** Extracted information follows **

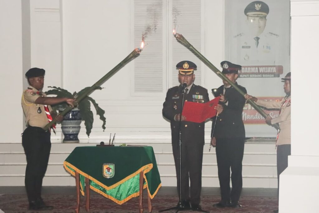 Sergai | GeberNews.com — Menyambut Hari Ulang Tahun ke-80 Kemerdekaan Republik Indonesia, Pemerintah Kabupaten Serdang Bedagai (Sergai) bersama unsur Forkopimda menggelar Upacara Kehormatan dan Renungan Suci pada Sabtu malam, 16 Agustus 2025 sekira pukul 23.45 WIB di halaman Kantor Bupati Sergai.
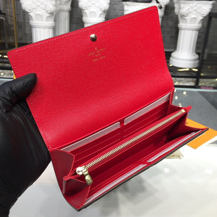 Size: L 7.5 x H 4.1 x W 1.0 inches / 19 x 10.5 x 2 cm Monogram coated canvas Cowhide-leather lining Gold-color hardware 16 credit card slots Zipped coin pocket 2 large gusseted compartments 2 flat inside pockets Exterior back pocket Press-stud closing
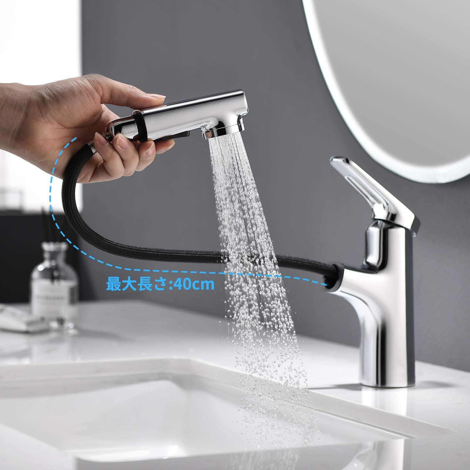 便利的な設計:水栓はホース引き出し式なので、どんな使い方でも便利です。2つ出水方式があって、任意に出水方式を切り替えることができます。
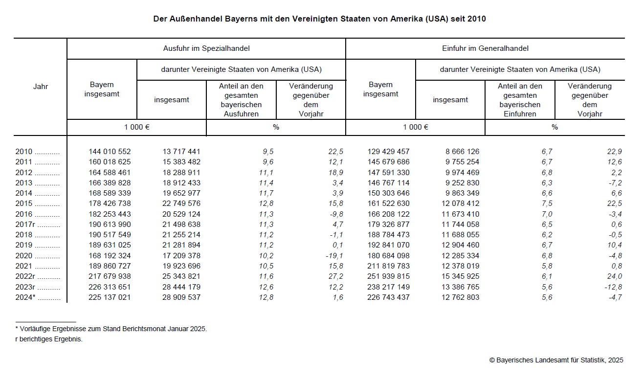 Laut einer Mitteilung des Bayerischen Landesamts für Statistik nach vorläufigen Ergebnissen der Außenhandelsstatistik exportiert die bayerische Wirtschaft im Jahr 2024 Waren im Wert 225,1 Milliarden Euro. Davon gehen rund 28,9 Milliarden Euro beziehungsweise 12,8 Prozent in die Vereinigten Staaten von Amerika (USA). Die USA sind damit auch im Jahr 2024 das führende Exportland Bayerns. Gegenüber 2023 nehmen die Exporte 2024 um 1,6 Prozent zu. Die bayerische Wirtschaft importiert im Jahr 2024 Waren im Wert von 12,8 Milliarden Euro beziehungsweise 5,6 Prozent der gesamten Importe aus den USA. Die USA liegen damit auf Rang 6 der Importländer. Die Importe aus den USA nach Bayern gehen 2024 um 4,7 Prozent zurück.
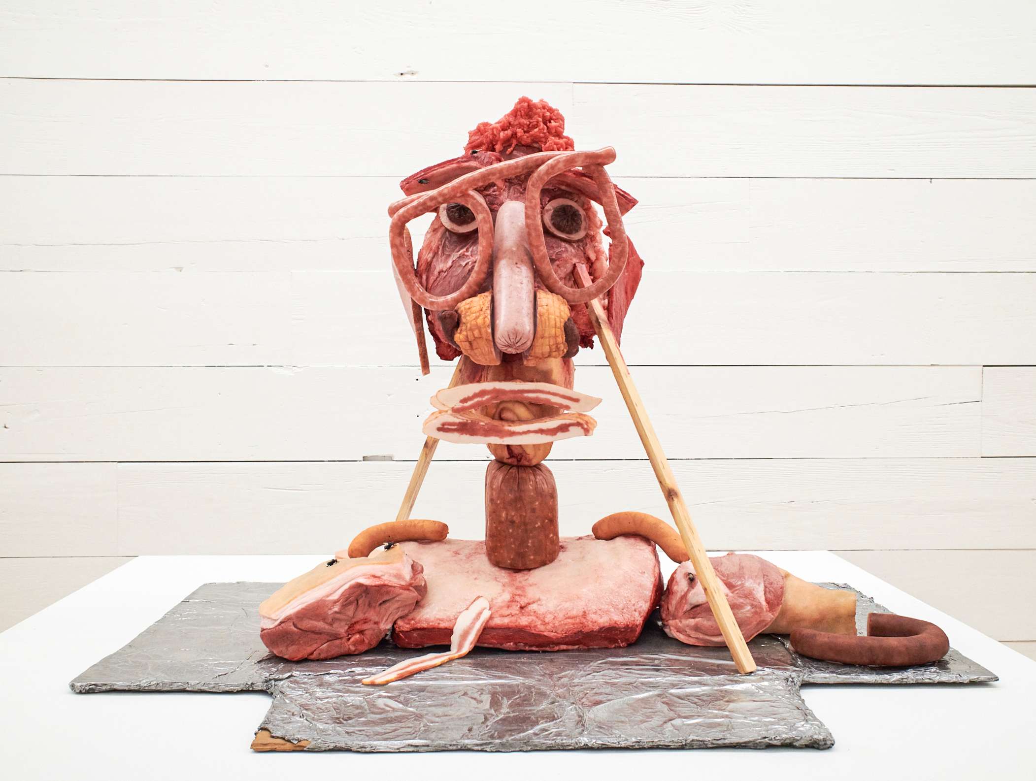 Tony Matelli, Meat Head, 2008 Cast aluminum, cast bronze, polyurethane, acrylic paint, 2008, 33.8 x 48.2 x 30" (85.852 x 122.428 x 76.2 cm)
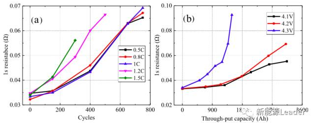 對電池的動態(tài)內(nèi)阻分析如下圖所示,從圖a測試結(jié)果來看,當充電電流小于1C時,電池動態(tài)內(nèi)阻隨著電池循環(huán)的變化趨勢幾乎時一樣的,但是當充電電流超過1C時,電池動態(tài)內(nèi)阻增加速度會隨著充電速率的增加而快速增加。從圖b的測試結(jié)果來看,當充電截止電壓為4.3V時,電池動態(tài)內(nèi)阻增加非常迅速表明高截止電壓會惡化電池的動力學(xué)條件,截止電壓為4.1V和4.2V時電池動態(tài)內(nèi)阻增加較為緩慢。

** End of Extracted information **

- Exercise aim -
Output nothing but the lines from the one containing "Tony Matelli, Meat" to the end of the listing, both ends included, reproduced exactly. Pictures stay out.

- Task result -
 Tony Matelli, Meat Head, 2008 Cast aluminum, cast bronze, polyurethane, acrylic paint, 2008, 33.8 x 48.2 x 30" (85.852 x 122.428 x 76.2 cm)
 對電池的動態(tài)內(nèi)阻分析如下圖所示,從圖a測試結(jié)果來看,當充電電流小于1C時,電池動態(tài)內(nèi)阻隨著電池循環(huán)的變化趨勢幾乎時一樣的,但是當充電電流超過1C時,電池動態(tài)內(nèi)阻增加速度會隨著充電速率的增加而快速增加。從圖b的測試結(jié)果來看,當充電截止電壓為4.3V時,電池動態(tài)內(nèi)阻增加非常迅速表明高截止電壓會惡化電池的動力學(xué)條件,截止電壓為4.1V和4.2V時電池動態(tài)內(nèi)阻增加較為緩慢。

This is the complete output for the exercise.